*** Given data Section Begins ***

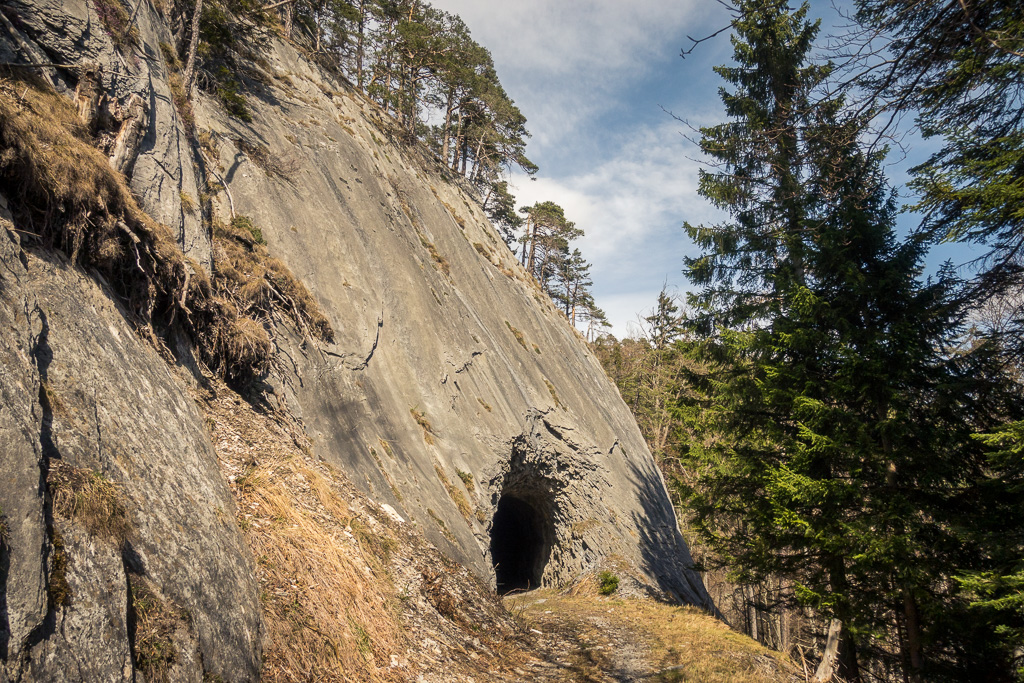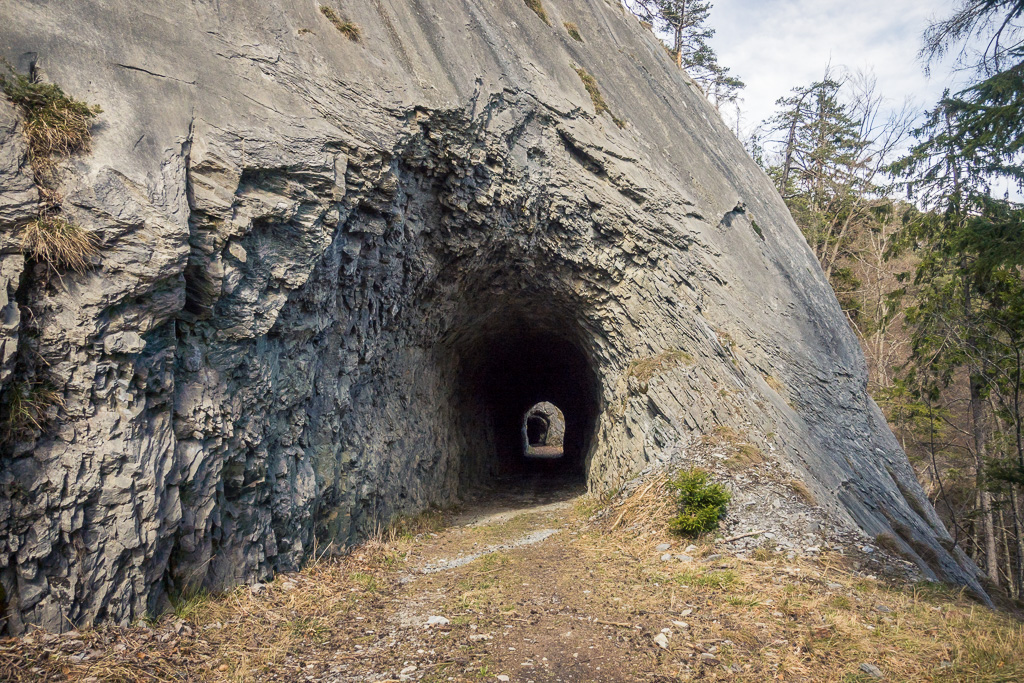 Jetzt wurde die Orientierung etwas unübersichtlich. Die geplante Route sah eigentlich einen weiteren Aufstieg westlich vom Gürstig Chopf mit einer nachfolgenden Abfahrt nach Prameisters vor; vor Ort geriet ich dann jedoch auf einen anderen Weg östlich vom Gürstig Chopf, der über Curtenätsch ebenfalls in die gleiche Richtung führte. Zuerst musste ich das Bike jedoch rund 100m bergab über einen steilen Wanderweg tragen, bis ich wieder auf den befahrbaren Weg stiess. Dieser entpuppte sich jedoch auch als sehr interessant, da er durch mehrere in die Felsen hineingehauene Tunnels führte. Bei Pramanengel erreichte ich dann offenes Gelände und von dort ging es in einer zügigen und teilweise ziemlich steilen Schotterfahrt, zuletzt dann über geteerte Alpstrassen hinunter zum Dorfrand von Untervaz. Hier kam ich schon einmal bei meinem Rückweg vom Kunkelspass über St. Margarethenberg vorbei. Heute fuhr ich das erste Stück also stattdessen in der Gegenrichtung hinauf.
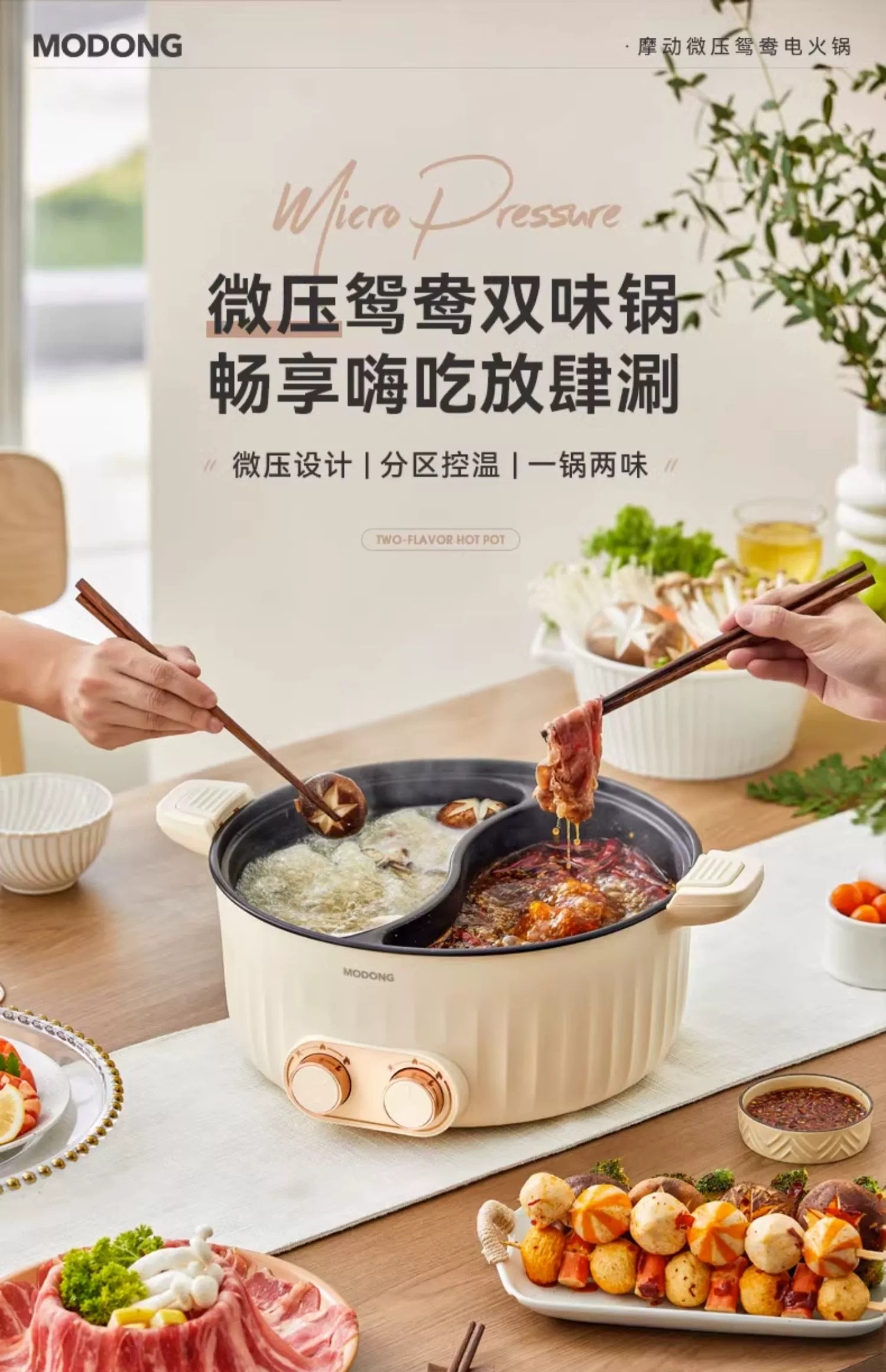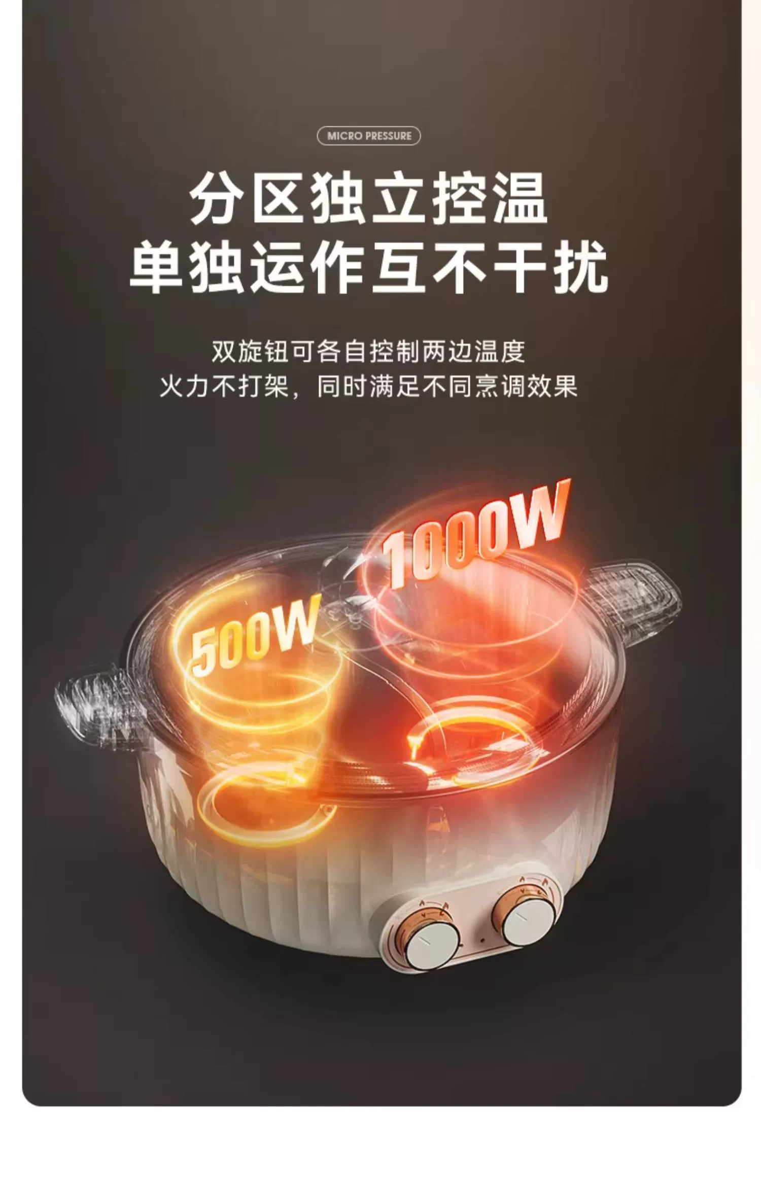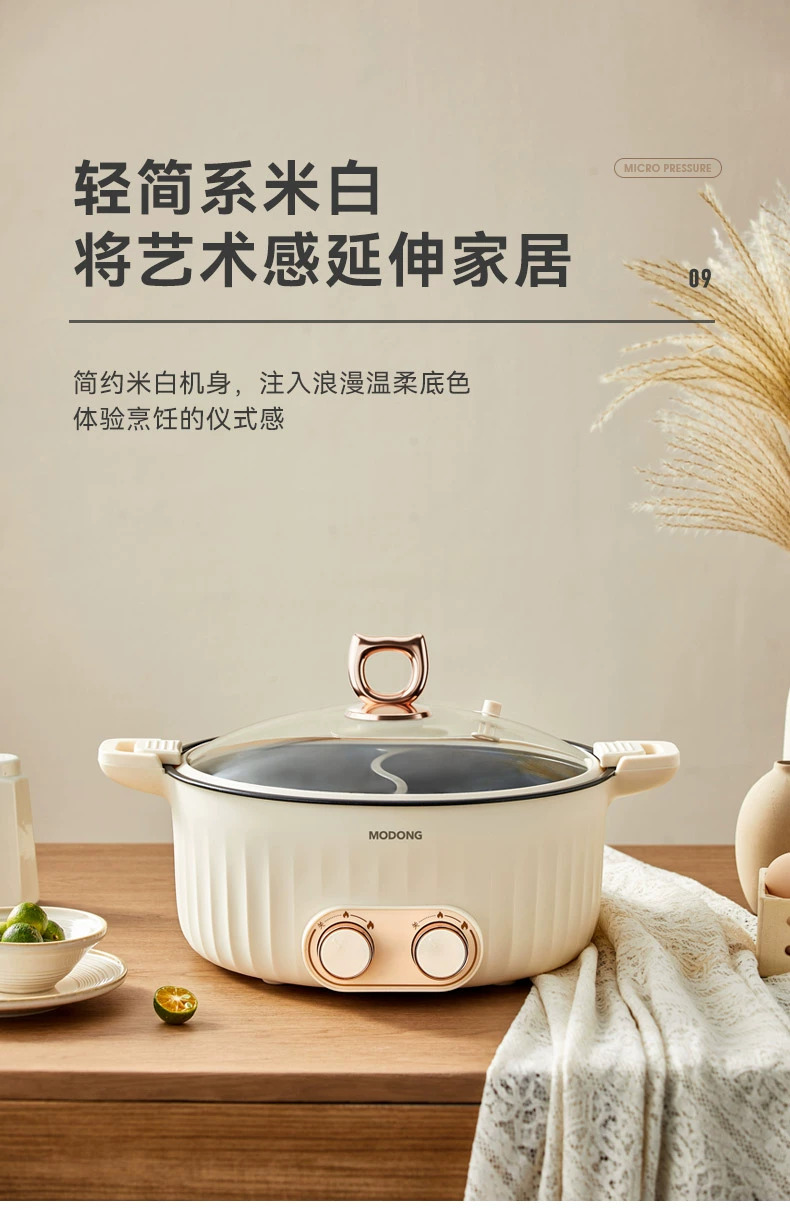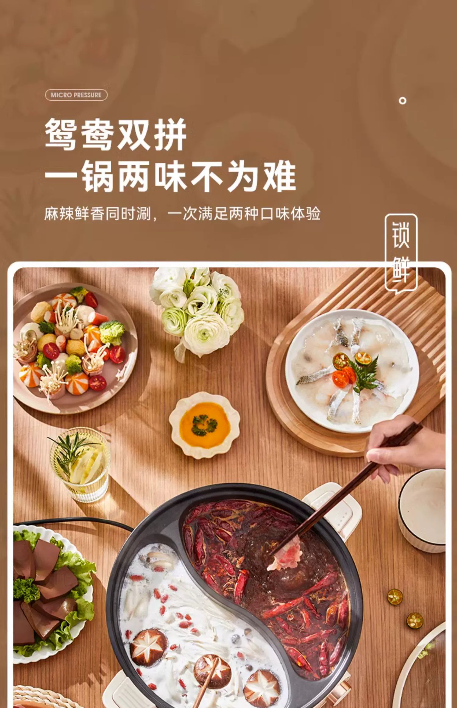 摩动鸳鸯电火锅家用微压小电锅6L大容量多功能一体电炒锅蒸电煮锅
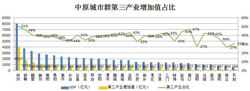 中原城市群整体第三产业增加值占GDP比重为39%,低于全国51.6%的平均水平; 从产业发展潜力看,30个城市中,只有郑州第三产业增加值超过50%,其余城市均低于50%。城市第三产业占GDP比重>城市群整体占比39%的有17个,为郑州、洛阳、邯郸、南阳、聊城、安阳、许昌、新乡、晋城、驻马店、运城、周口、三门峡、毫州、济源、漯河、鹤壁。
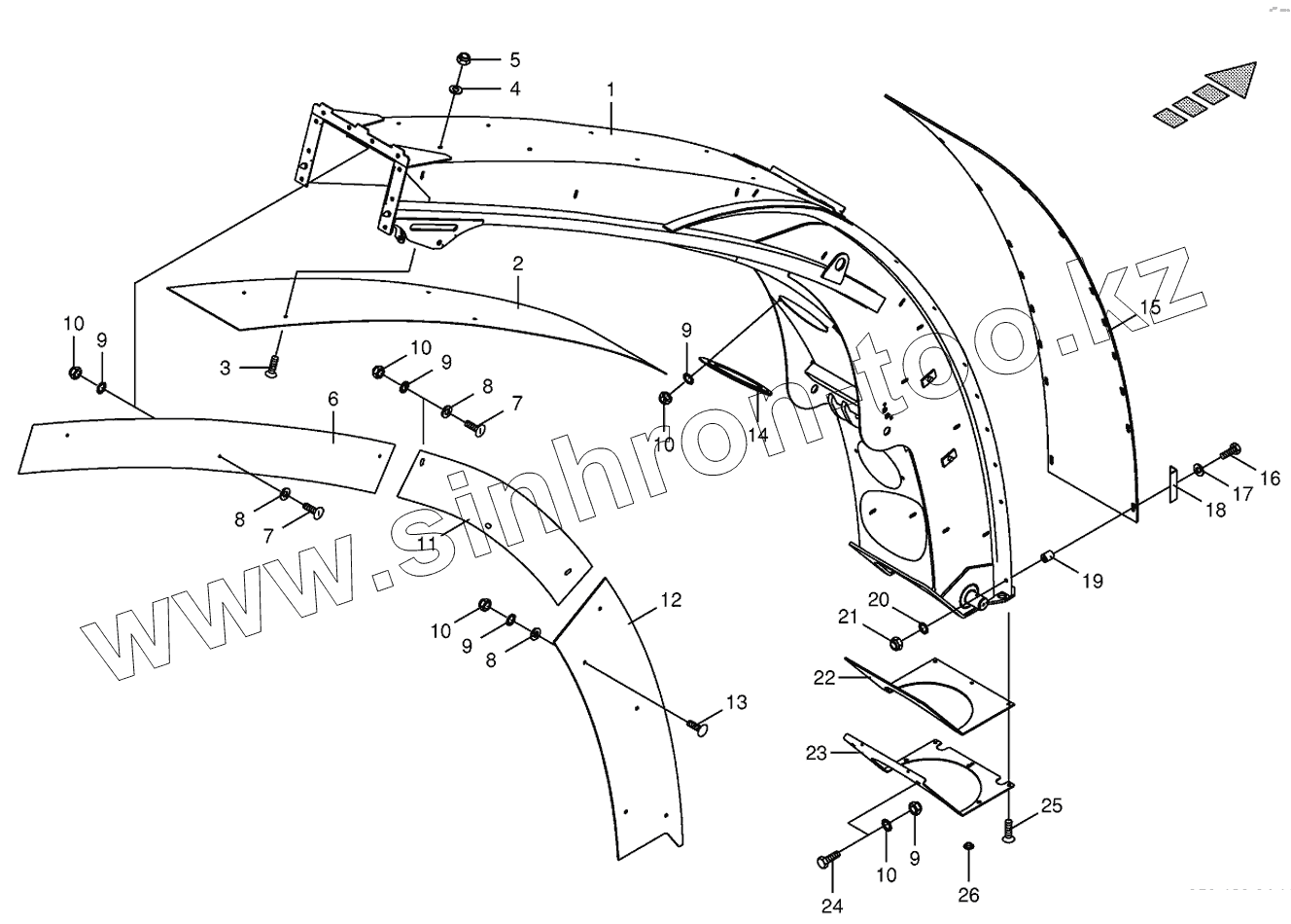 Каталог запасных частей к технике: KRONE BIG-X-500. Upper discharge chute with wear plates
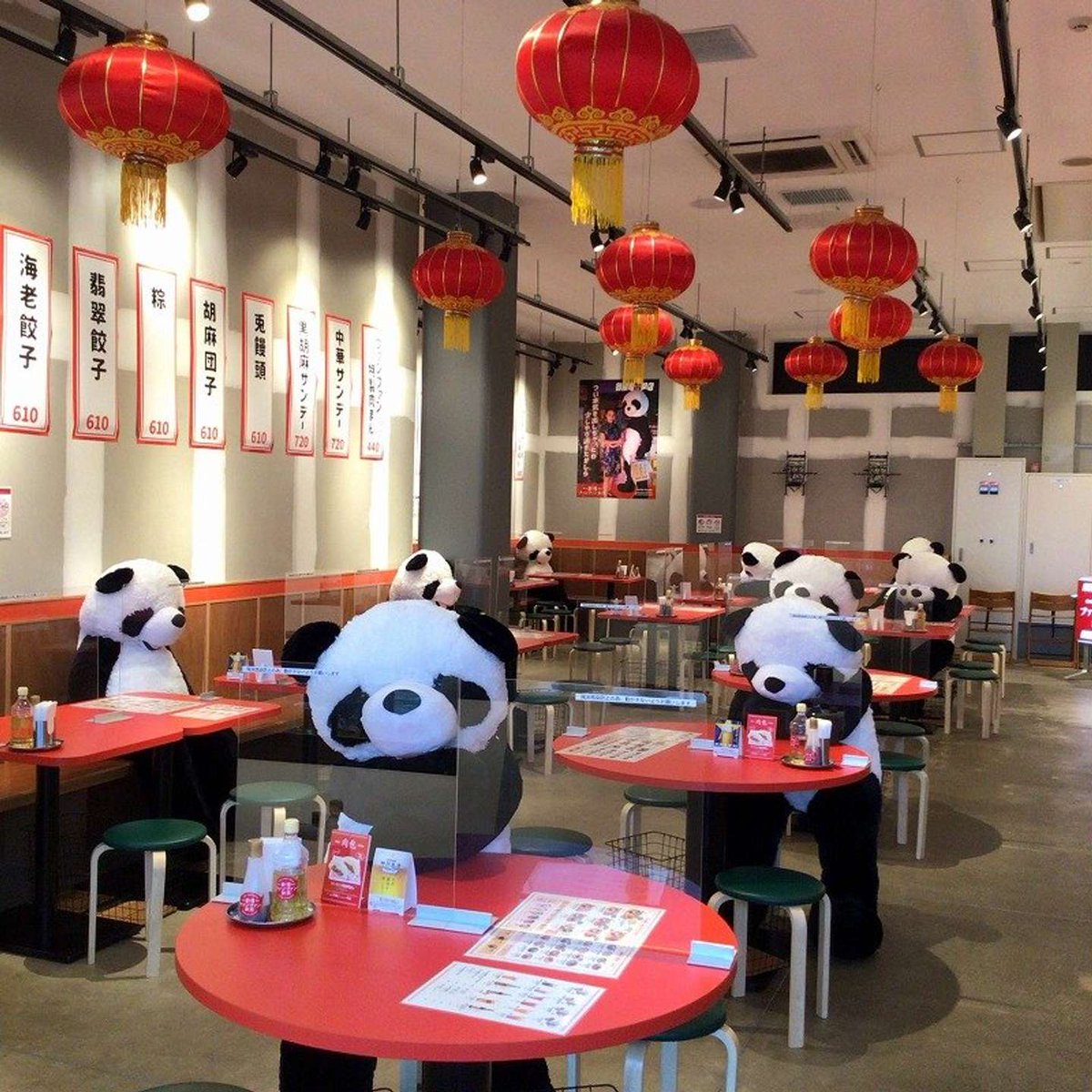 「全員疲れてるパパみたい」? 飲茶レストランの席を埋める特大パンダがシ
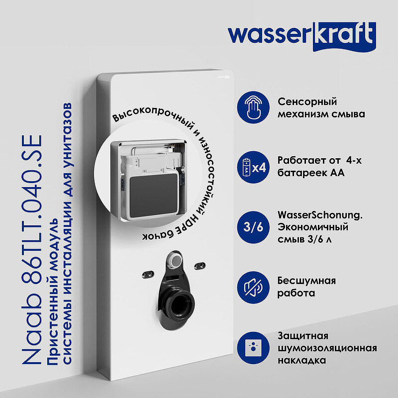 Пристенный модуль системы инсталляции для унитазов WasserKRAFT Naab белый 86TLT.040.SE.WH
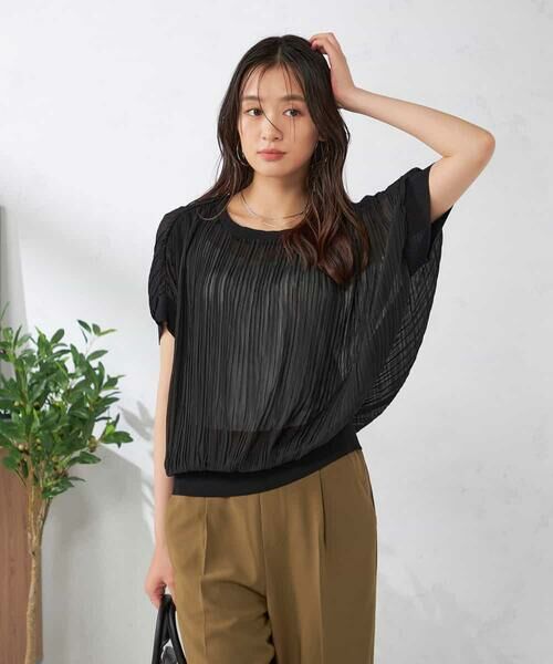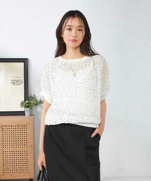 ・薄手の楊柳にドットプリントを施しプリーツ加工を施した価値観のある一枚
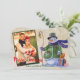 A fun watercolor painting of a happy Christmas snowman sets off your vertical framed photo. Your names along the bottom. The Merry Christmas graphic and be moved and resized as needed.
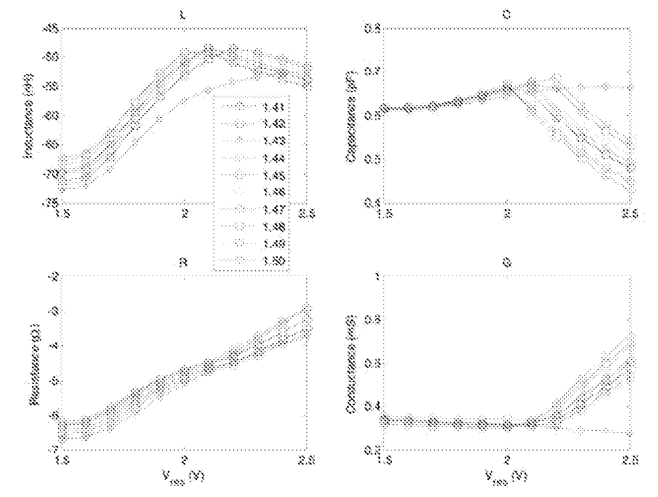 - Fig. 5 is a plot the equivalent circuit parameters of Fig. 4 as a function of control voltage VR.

*** Given data Section Ends ***

- [Required action]: Your copy should match the records above exactly, apart from the pictures, which stay out.

- [Response area]:
 Jetzt wurde die Orientierung etwas unübersichtlich. Die geplante Route sah eigentlich einen weiteren Aufstieg westlich vom Gürstig Chopf mit einer nachfolgenden Abfahrt nach Prameisters vor; vor Ort geriet ich dann jedoch auf einen anderen Weg östlich vom Gürstig Chopf, der über Curtenätsch ebenfalls in die gleiche Richtung führte. Zuerst musste ich das Bike jedoch rund 100m bergab über einen steilen Wanderweg tragen, bis ich wieder auf den befahrbaren Weg stiess. Dieser entpuppte sich jedoch auch als sehr interessant, da er durch mehrere in die Felsen hineingehauene Tunnels führte. Bei Pramanengel erreichte ich dann offenes Gelände und von dort ging es in einer zügigen und teilweise ziemlich steilen Schotterfahrt, zuletzt dann über geteerte Alpstrassen hinunter zum Dorfrand von Untervaz. Hier kam ich schon einmal bei meinem Rückweg vom Kunkelspass über St. Margarethenberg vorbei. Heute fuhr ich das erste Stück also stattdessen in der Gegenrichtung hinauf.
 摩动鸳鸯电火锅家用微压小电锅6L大容量多功能一体电炒锅蒸电煮锅
 中原城市群整体第三产业增加值占GDP比重为39%,低于全国51.6%的平均水平; 从产业发展潜力看,30个城市中,只有郑州第三产业增加值超过50%,其余城市均低于50%。城市第三产业占GDP比重>城市群整体占比39%的有17个,为郑州、洛阳、邯郸、南阳、聊城、安阳、许昌、新乡、晋城、驻马店、运城、周口、三门峡、毫州、济源、漯河、鹤壁。
 Каталог запасных частей к технике: KRONE BIG-X-500. Upper discharge chute with wear plates
 「全員疲れてるパパみたい」? 飲茶レストランの席を埋める特大パンダがシ
 Пристенный модуль системы инсталляции для унитазов WasserKRAFT Naab белый 86TLT.040.SE.WH
 ・薄手の楊柳にドットプリントを施しプリーツ加工を施した価値観のある一枚
 A fun watercolor painting of a happy Christmas snowman sets off your vertical framed photo. Your names along the bottom. The Merry Christmas graphic and be moved and resized as needed.
 - Fig. 5 is a plot the equivalent circuit parameters of Fig. 4 as a function of control voltage VR.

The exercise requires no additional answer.